Пустая болтовня. Я подошёл к стене и прикоснулся к ней. Гладкая каменная поверхность знакомо охладила кожу, но я знал, что всё это ложь, что это не камень, а его подобие, изобретательная иллюзия, созданная, чтобы уверить меня, что я могу тут находиться, что я среди реального, среди настоящих вещей. Но это было не так. Вокруг зиждились деревянные декорации, создатели которых заперли меня и следили теперь, как я бездеятельно мечусь в поисках выхода, в поисках Земли, хохотали, глядя на мои ужимки, на постепенное примирение, на попытки влиться, стать миражом под стать окружению. Разве это было не очевидно? Я, глупец, тратил время зря, думал, что всё устроится, не подгадывал удобного мгновения, чтобы порвать ветвистые оковы!

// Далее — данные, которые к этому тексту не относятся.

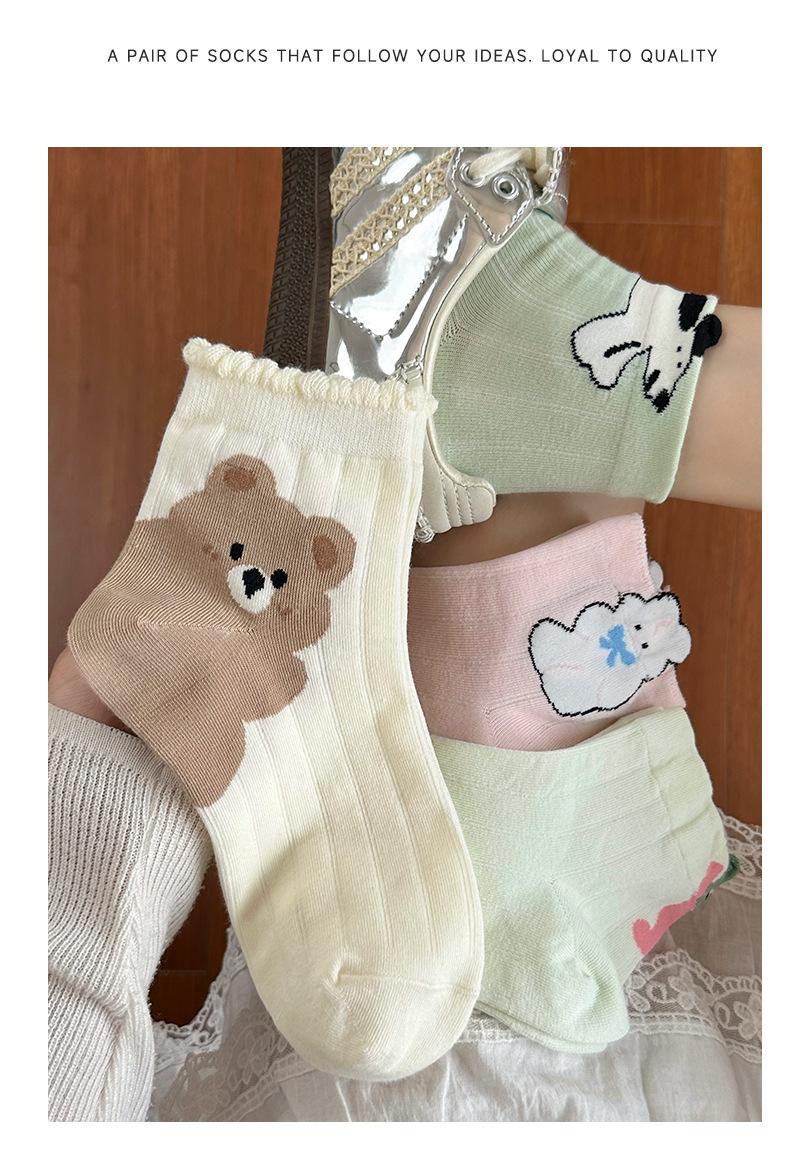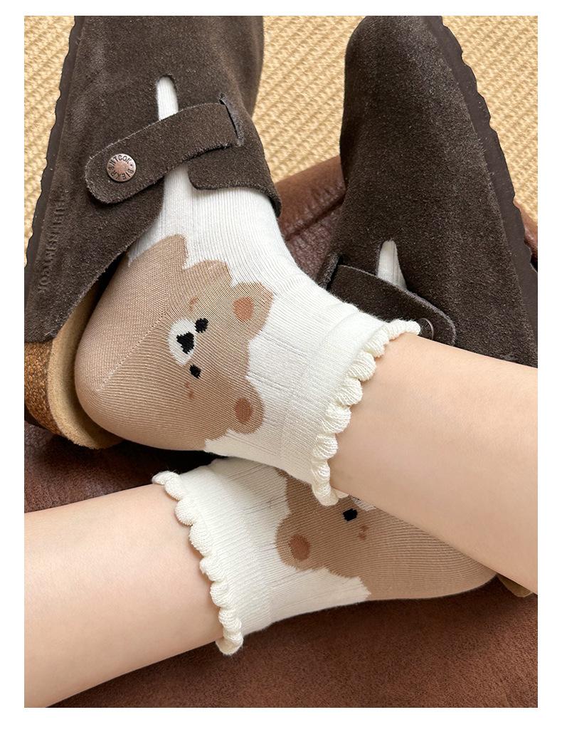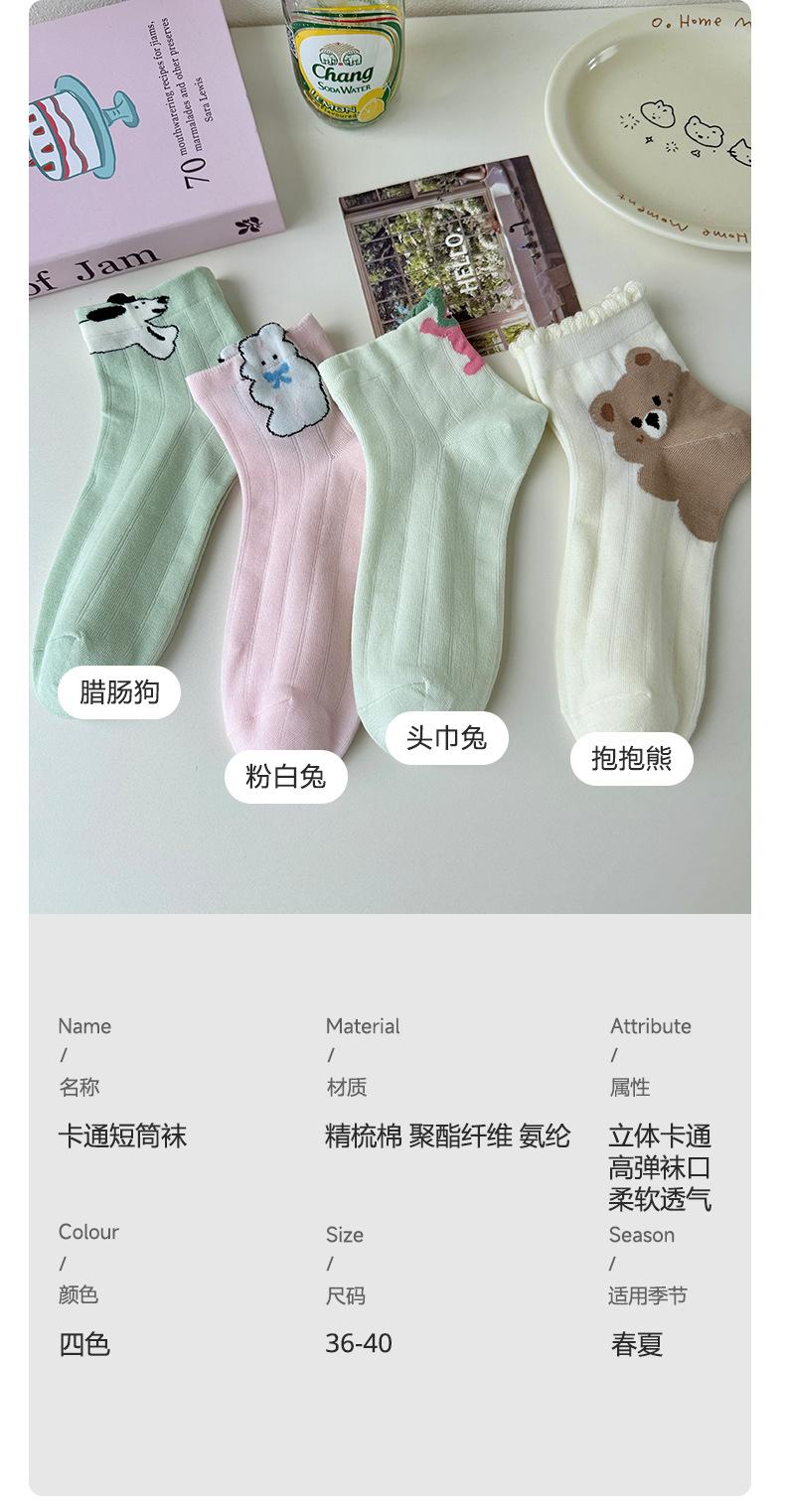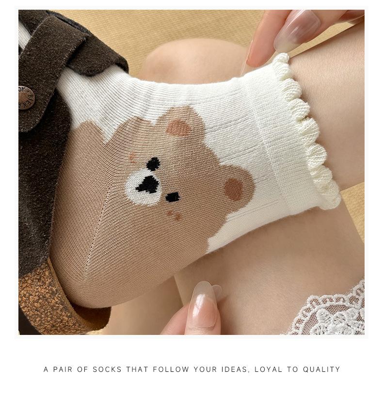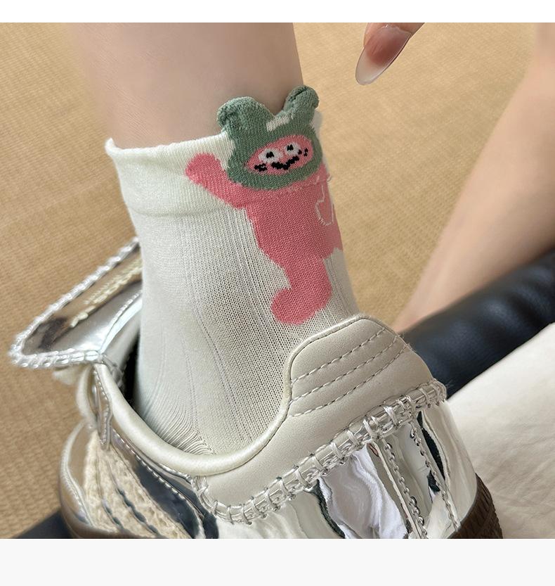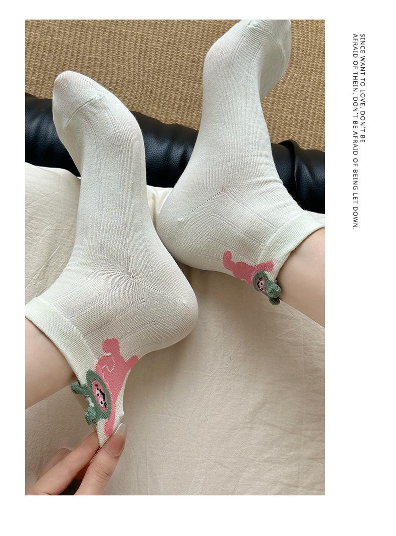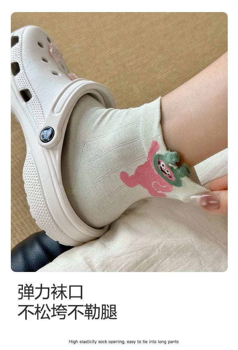 Calcetines de Encaje para Mujer Verano Delgados Calcetines con Patrón de Dibujos Animados Tridimensionales Algodón Absorbente del Sudor Transpirables

— Наша очередь, Робинзон, — сказала подошедшая Рэрити. Я увидел, что анфилада опустела, последние дворяне заходили в зал. Я повернулся к ней и увидел, что Спайк и Дэш стоят чуть поодаль:

— Можно тебя обнять? Хочу почувствовать рядом друга. Это должно успокоить… — «Наверное» застыло на губах липкой слизью, которую я не смог счистить и которую был вынужден проглотить.

— Ох… — Рэрити улыбнулась и кивнула. Я присел и стиснул её в объятиях, чувствуя мягкость её шерстки, ухоженную пленительность гривы, тонкий аромат цветочных духов, шелковистость платья, едва постукивающий молоточек пульса — или то был мой? На секунду я утонул в Рэрити, я стал Рэрити, хрупкой белоснежной единорожкой, россыпью брызжущих искрами драгоценностей; а потом она легонько провела по спине копытом, и по позвоночнику промчалась молния, ударила в ноющий затылок, я вздрогнул, и глотку чуть не покинуло рыдание, придушенное в последний момент. Но слезу я остановить не смог, и та затерялась где-то в сиреневом благоухающем облаке. Вот они — дружба, доверие, добро. Если и это призрак, звёздная муть придуманного, то мои тюремщики воистину всесильны. Откуда-то издалека донёсся крик, и на нас повалилось нечто вёрткое, крылатое и поджарое, скованное непривычным платьем, а следом подоспела чешуйчатая шершавость, кое-как втиснутая в костюм. Рэрити пискнула, возмущённо напомнила о том, что помнутся платья, и тяжесть исчезла, бормоча неправдоподобные, смешливые оправдания.

— Идём, — сказала Рэрити, высвобождаясь. Проклятые чёрные пятна на краю поля зрения побледнели, но не испарились окончательно; неужто они будут теперь моими вечными спутниками?

Я в сопровождении пони и дракончика зашагал к дверям, переступил порог, — и тотчас со всех сторон обрушился бал, захлестнув звуком, светом, запахом. Я невольно вскрикнул и на пару секунд закрыл глаза, замерев. Но кто-то настойчиво погнал вперёд, стал переставлять за меня ноги, и не сразу удалось сообразить, что это тоже был я, но другой, уверенный, запрограммированный я.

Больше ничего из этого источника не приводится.